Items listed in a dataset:
● ● ● ● ●
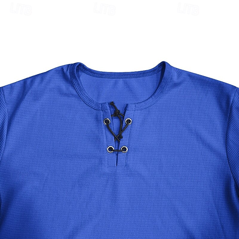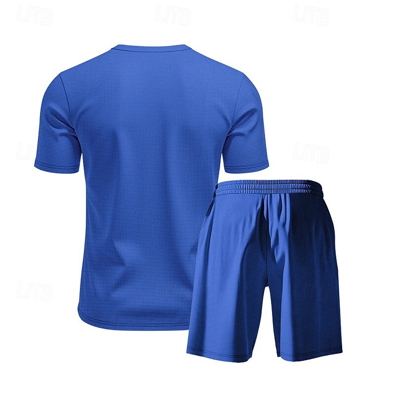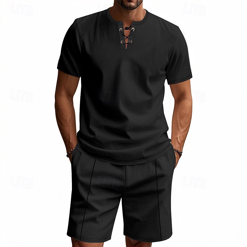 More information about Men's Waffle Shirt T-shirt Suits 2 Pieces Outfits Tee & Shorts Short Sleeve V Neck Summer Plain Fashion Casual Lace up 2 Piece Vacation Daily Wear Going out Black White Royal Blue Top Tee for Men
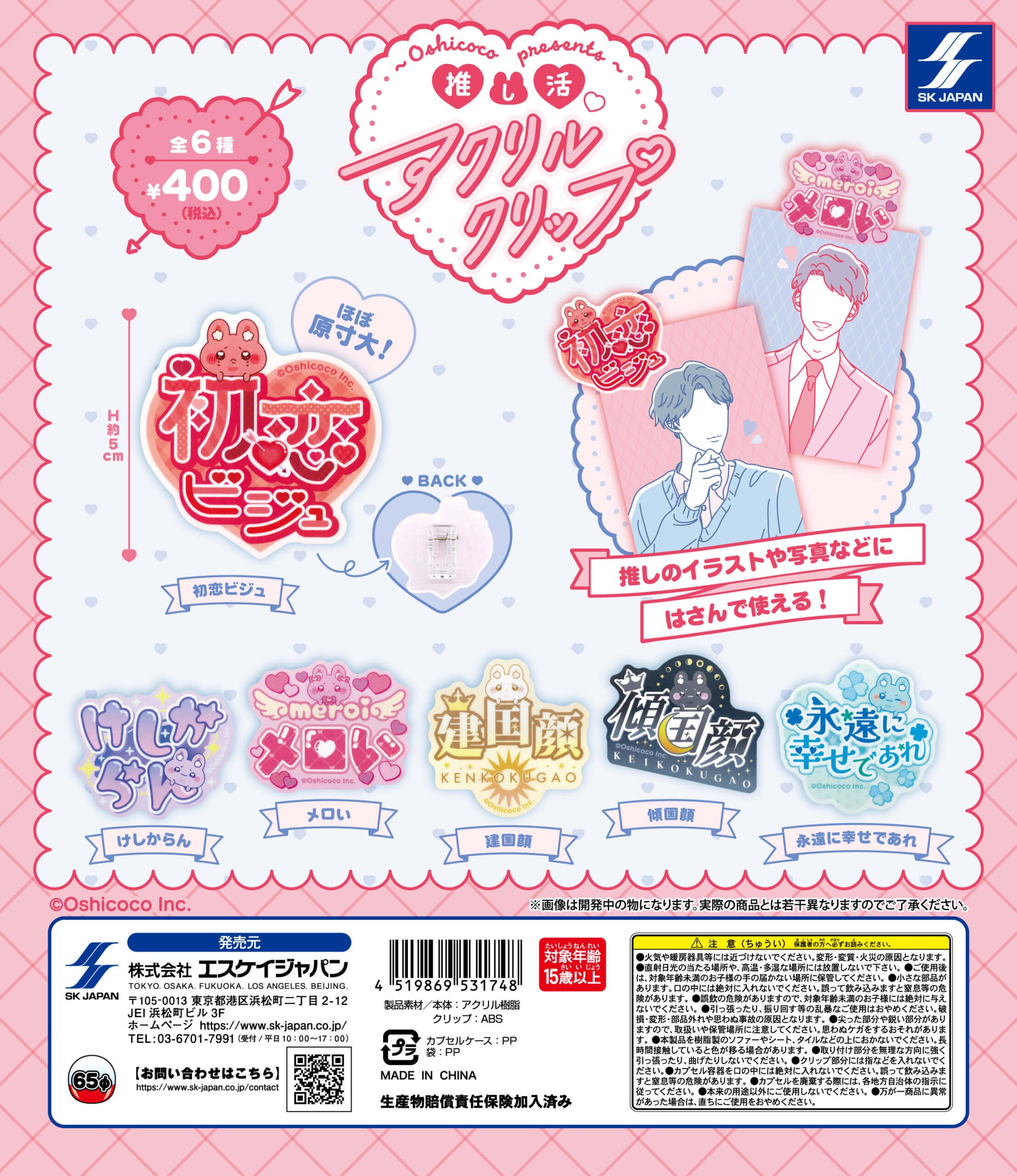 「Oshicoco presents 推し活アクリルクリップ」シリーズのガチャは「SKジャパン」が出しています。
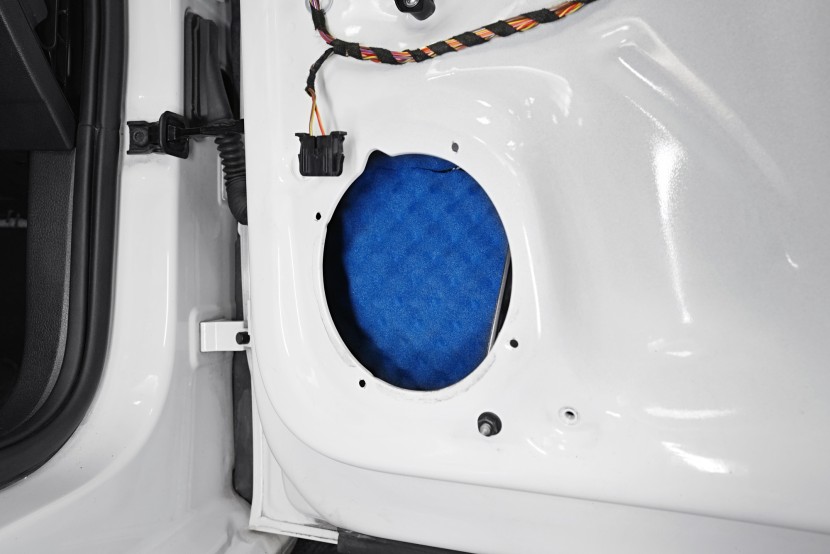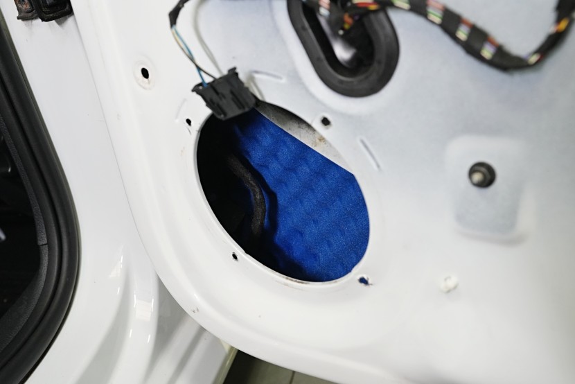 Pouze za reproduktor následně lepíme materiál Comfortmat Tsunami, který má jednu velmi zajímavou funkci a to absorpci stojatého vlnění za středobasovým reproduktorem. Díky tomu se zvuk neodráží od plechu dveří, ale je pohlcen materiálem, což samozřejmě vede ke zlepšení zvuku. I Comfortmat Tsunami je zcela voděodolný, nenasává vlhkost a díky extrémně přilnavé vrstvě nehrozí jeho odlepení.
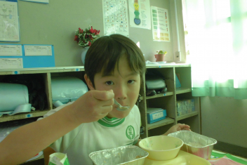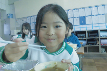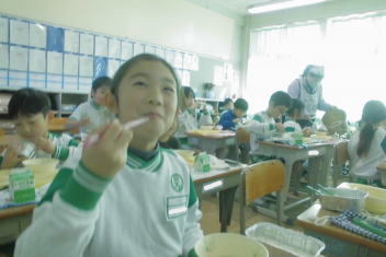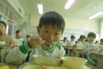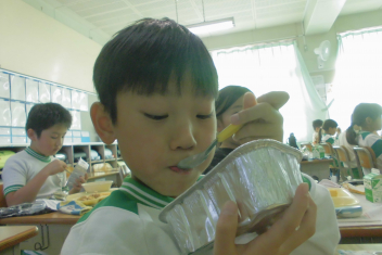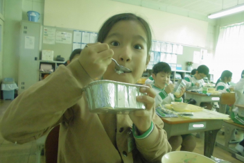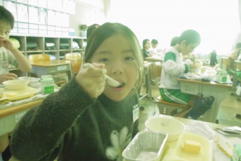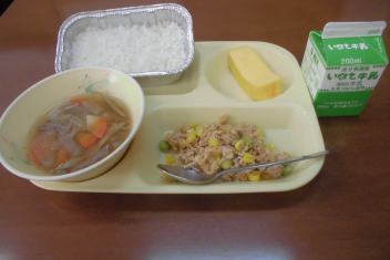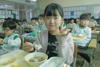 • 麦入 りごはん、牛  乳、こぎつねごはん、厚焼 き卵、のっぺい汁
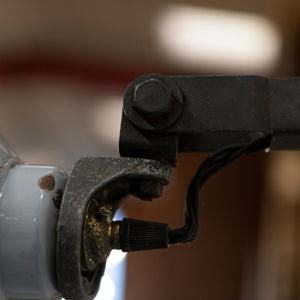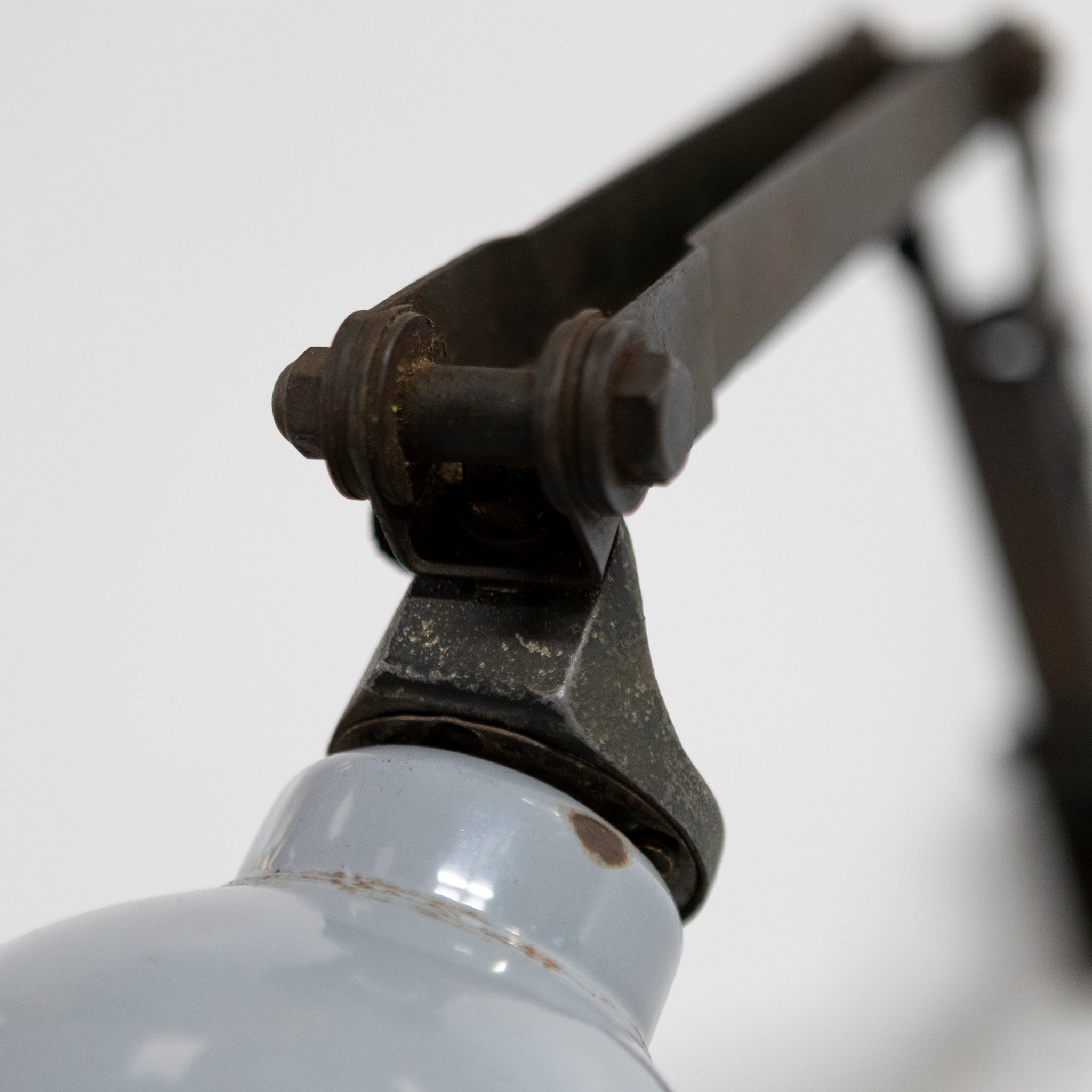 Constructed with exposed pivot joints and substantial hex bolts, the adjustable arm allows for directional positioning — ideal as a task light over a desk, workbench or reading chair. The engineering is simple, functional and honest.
● ● ● ● ●
### YOUR ASSIGNMENT
The answer must be the full set of records, repeated exactly, with no pictures.

### THE COMPLETED TASK
 More information about Men's Waffle Shirt T-shirt Suits 2 Pieces Outfits Tee & Shorts Short Sleeve V Neck Summer Plain Fashion Casual Lace up 2 Piece Vacation Daily Wear Going out Black White Royal Blue Top Tee for Men
 「Oshicoco presents 推し活アクリルクリップ」シリーズのガチャは「SKジャパン」が出しています。
 Pouze za reproduktor následně lepíme materiál Comfortmat Tsunami, který má jednu velmi zajímavou funkci a to absorpci stojatého vlnění za středobasovým reproduktorem. Díky tomu se zvuk neodráží od plechu dveří, ale je pohlcen materiálem, což samozřejmě vede ke zlepšení zvuku. I Comfortmat Tsunami je zcela voděodolný, nenasává vlhkost a díky extrémně přilnavé vrstvě nehrozí jeho odlepení.
 • 麦入 りごはん、牛  乳、こぎつねごはん、厚焼 き卵、のっぺい汁
 Constructed with exposed pivot joints and substantial hex bolts, the adjustable arm allows for directional positioning — ideal as a task light over a desk, workbench or reading chair. The engineering is simple, functional and honest.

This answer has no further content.